* **Directions for this task**: Where a picture shows up in the listing below, omit it and output the rest exactly.
**** Provided data ****
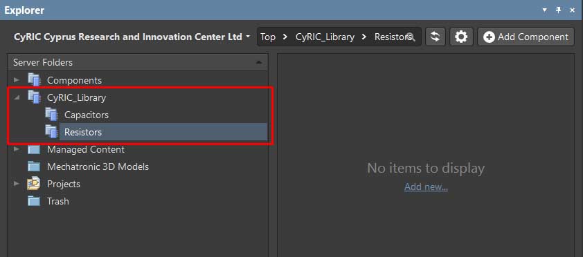 I have created a new folder "CyRIC_Library" and two subfolders "Capacitors" and "Resistors".
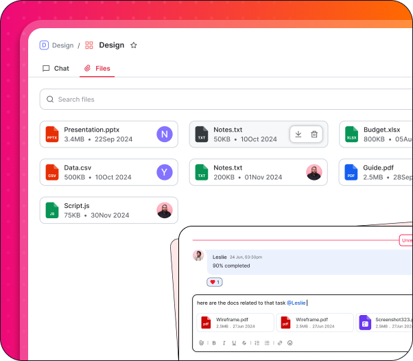 Drop images, docs, and assets directly into chat threads so feedback happens where the work is.
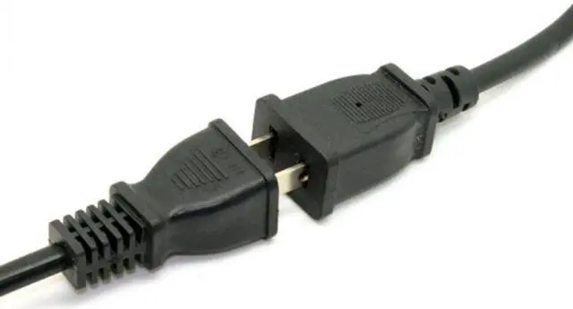 The female connector plugs directly into the device power cable while the male connector plugs into a standard outlet.
****
* **Solution for this problem**:
 I have created a new folder "CyRIC_Library" and two subfolders "Capacitors" and "Resistors".
 Drop images, docs, and assets directly into chat threads so feedback happens where the work is.
 The female connector plugs directly into the device power cable while the male connector plugs into a standard outlet.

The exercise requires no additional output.